|
|
Article: Intel Z170 native M.2 vs PCIe3 Article by: Wendy Robertson |
With consumer grade NVMe SSDs finally arriving, it becomes
important that the performance of NVMe SSDs can be fully realised by the way they
are connected to the motherboard.
In this article I will examine the performance difference
(if any) of an M.2 NVMe SSD connected using the Intel Z170 ‘native’ hyper M.2
solution via the Z170 Skylake PCH (Platform Controller Hub),
and the same M.2 NVMe SSD connected using the main PCIe3 x16 sockets via the Intel
Skylake CPU.
NVMe (Non Volatile Memory Express)
SSDs are PCIe based and can be installed in a standard PCIe slot, M.2 socket, or
via the brand new U.2 connector. PCIe SSDs are not new, and have been around
for several years. However, the PCIe SSDs of the past required a special
controller which sat between the SSD hardware and the PCIe system bus, to allow
the SSD hardware and the PCIe bus to perform the translation and communication
between the two interfaces. This was of course a very complex and time
consuming task, which inevitably led to increased latency.

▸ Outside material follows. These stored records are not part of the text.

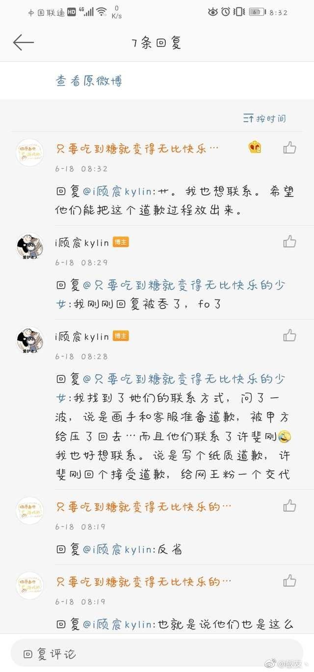 早上风平浪静,一个落樱/栖木的妹子跟我们说她联系到客服说客服和画师是想道歉的,但是被甲方压下了,并提到说要跟日方联系,跟许斐刚道歉,我们信了,然后就坐等。(p6)
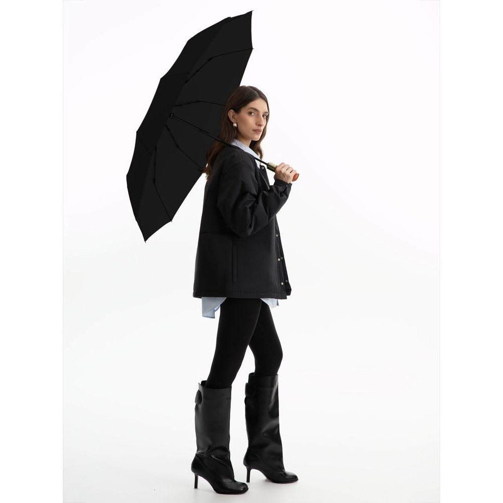 Автоматический механизм позволяет раскрыться за секунду. Плотная ткань купола обеспечивает высокую прочность и устойчивость к разрывам, при этом оставаясь легкой. А ручка из натурального дерева обеспечивает комфортный захват и добавляет зонту благородности.
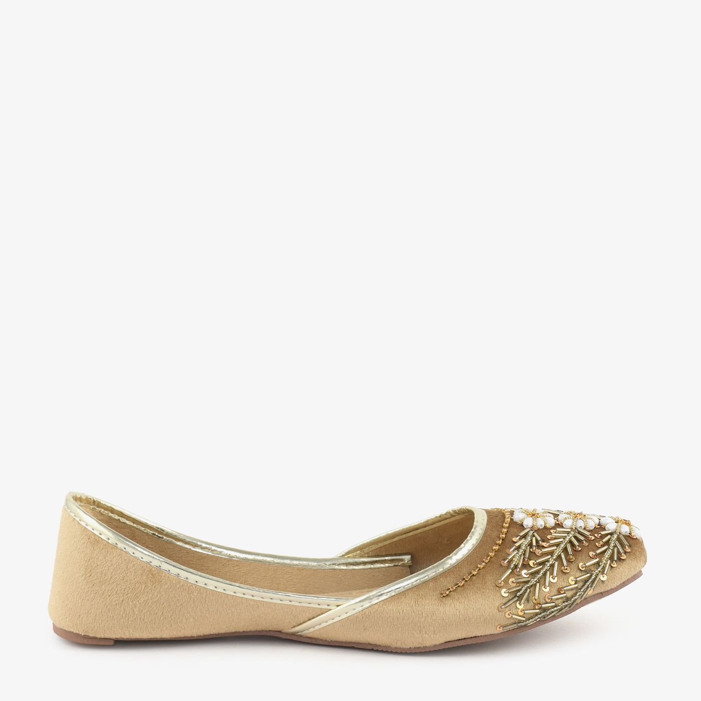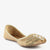 This beautifully designed khussa features intricate hand embellishments that create a rich and festive appeal. The detailed bead and thread work on the front adds a touch of elegance and artistic craftsmanship. Its soft inner lining ensures a comfortable fit, making it ideal for extended wear. The slip-on design allows easy movement, while the flat sole provides stability throughout the day. Perfect for festive occasions and traditional gatherings, it complements a variety of outfits effortlessly. A timeless piece that blends heritage style with modern charm.
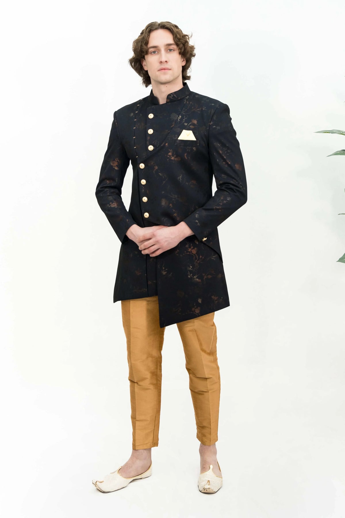 This black asymmetric Indo-Western set is a seamless blend of traditional charm and contemporary style. The ensemble features a striking asymmetric jacket in a timeless black hue, adorned with intricate thread work and delicate sequin detailing in a captivating geometric pattern. Paired with tailored trousers or dhoti pants, it exudes a refined yet modern aesthetic. The subtle shimmer of the sequins adds a touch of glamour, making this set a perfect choice for weddings, cocktail parties, festive celebrations, or any occasion that calls for a balance of elegance and sophistication. |
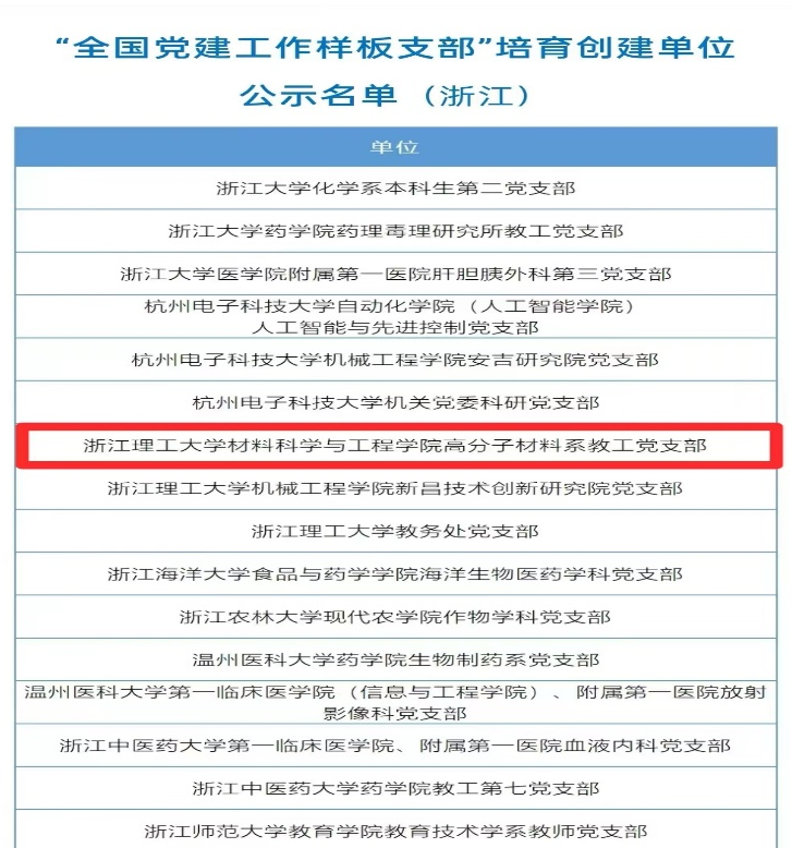 (高分子材料系教工党支部入选第四批“全国党建工作样板支部”培育创建单位)

NVMe is a native solution, with its own highly optimised
protocol, which features a very much reduced command set, much lower latency
when compared to AHCI, and is specifically optimised for Non Volatile Memory
(FLASH memory).
M.2 is a small form factor, initially designed for small
form factor PCs, such as laptops, but have found their way into desktop PCs.

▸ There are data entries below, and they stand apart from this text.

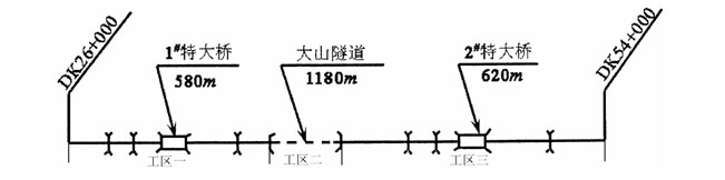 从起点DK26+000到大山隧道入口为一工区,配备路基施工一队,负责本工区路基工程,桥涵施工队一队,负责1#特大桥工程;
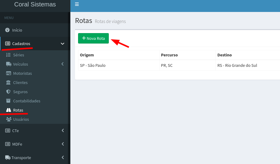 Para cadastrar uma nova rota basta ir no menu Cadastros > Rotas > Nova Rota:
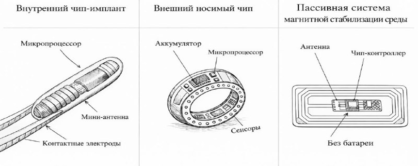 Внутренний чип представляет собой имплантируемое электронное устройство, предназначенное для регистрации изменений геомагнитного поля и генерации локального компенсирующего поля [6]:
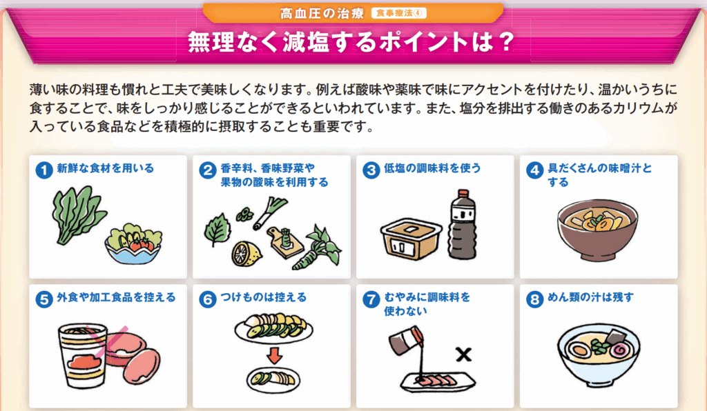 塩分の入っていない香辛料(ゆず、胡椒、七味)などを利用したり、調味料を減塩に変える。野菜を多くとる、麺類の汁を残すなどよく言われますね。
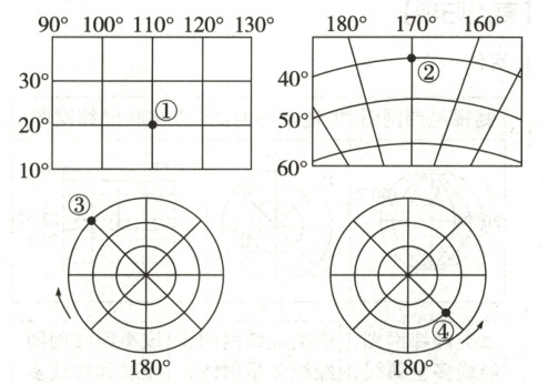 1.C 东西半球的分界线是20°W和160°E经线组成的经线圈,①点经度为110°E,属于东半球;低、中、高纬度的划分界线为30°、60°纬线,②点位于中纬度;根据自转方向为顺时针可知,③点位于以南极点为中心俯视图的赤道上,经度为45°W,位于大西洋;根据自转方向为逆时针可知,④点位于以北极点为中心俯视图的30°纬线上,位于北温带。故选C。
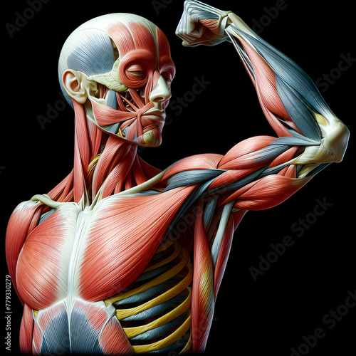 Illustration of anatomy of a human upper arm muscle while flexing on a black background.

Initially, M.2 appeared ‘natively’ in desktop PC’s with the Intel Z97 chipset.
The Z97 native solution was very limited. It could use only two generation 2
PCIe lanes, and was thus limited to maximum bandwidth of 10Gbps, or 1GB per
second. In practice, and due to the overheads, this translated to a maximum
throughput of around 740 MB/s. Latency was also quite high with the Z97 native
solution and therefore, to get maximum performance from M.2 in a Z97 setup, M.2
SSDs were often mounted in a PCIe3 PCIe to M.2 adapter card, thereby utilising
the higher bandwidth and lower latency of main PCIe3 sockets on the motherboard.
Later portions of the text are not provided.